===== PROVIDED INFORMATION =====
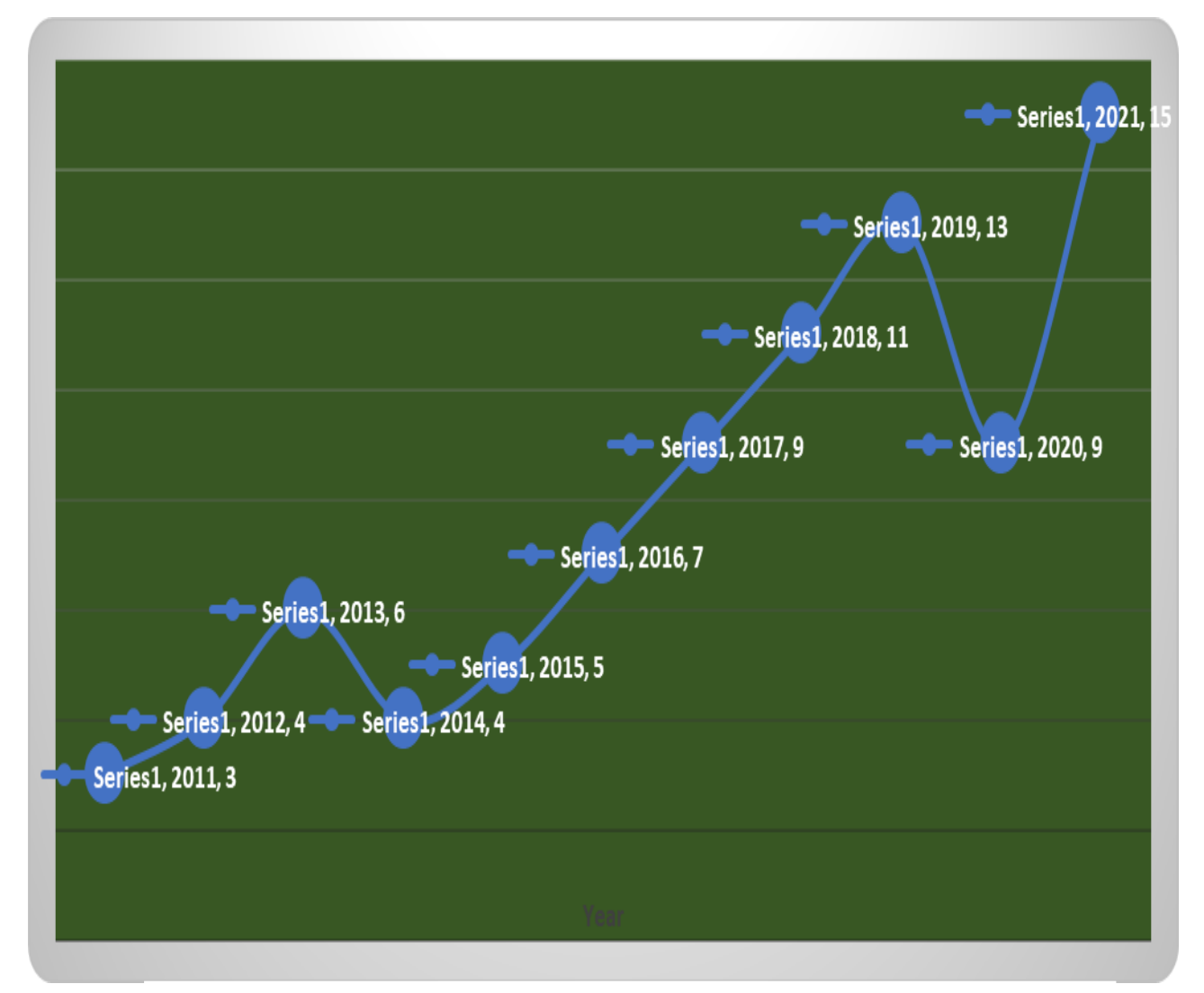
Figure 2: Article distribution across years

As earlier stated, this review had a set boundary of 2011 till 2021. Entries in Figure 2 show that there is an emerging dynamism in researches relating to digitalization of agriculture in Nigeria. While 3.40% of the articles were published in 2011, 17.44% were published in 2021. Apart from 2020, the number of published articles maintained an ascending order from 2014 -2021 with 66.28% of the articles published within this period. Given the low level of internet use among researchers in developing countries, the decrease in the number of articles published in 2020 may be attributed to the out-break of the Covid-19 pandemic which necessitated such policies as lockdown and restriction of movement.
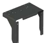
7160-0963 Computer platform for large workstation
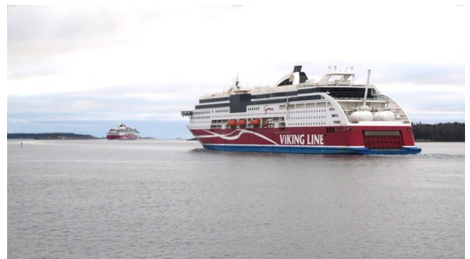
The Viking Line shipping company has two vessels in traffic between Åbo and Stockholm. They leave from opposite sides and meet in Mariehamn every afternoon. The vessels running the Helsinki-Stockholm and Stockholm-Tallinn routes also dock daily in Mariehamn. They have considerable height capacity but are also floating entertainment palaces with restaurants, nightclubs and duty-free shops.

Another issue for the new government is the effects of the tax border surrounding Åland. When Finland and Åland joined the EU in 1995, Åland negotiated a special status that included staying outside the EU's tax union. This was considered important to safeguard duty-free trade on the ships that call at Åland when in traffic between Finland and Sweden.
=====
WORK TASK.
Every line above that holds "Figure" should be copied out.

PROBLEM SOLUTION.
Figure 2: Article distribution across years
As earlier stated, this review had a set boundary of 2011 till 2021. Entries in Figure 2 show that there is an emerging dynamism in researches relating to digitalization of agriculture in Nigeria. While 3.40% of the articles were published in 2011, 17.44% were published in 2021. Apart from 2020, the number of published articles maintained an ascending order from 2014 -2021 with 66.28% of the articles published within this period. Given the low level of internet use among researchers in developing countries, the decrease in the number of articles published in 2020 may be attributed to the out-break of the Covid-19 pandemic which necessitated such policies as lockdown and restriction of movement.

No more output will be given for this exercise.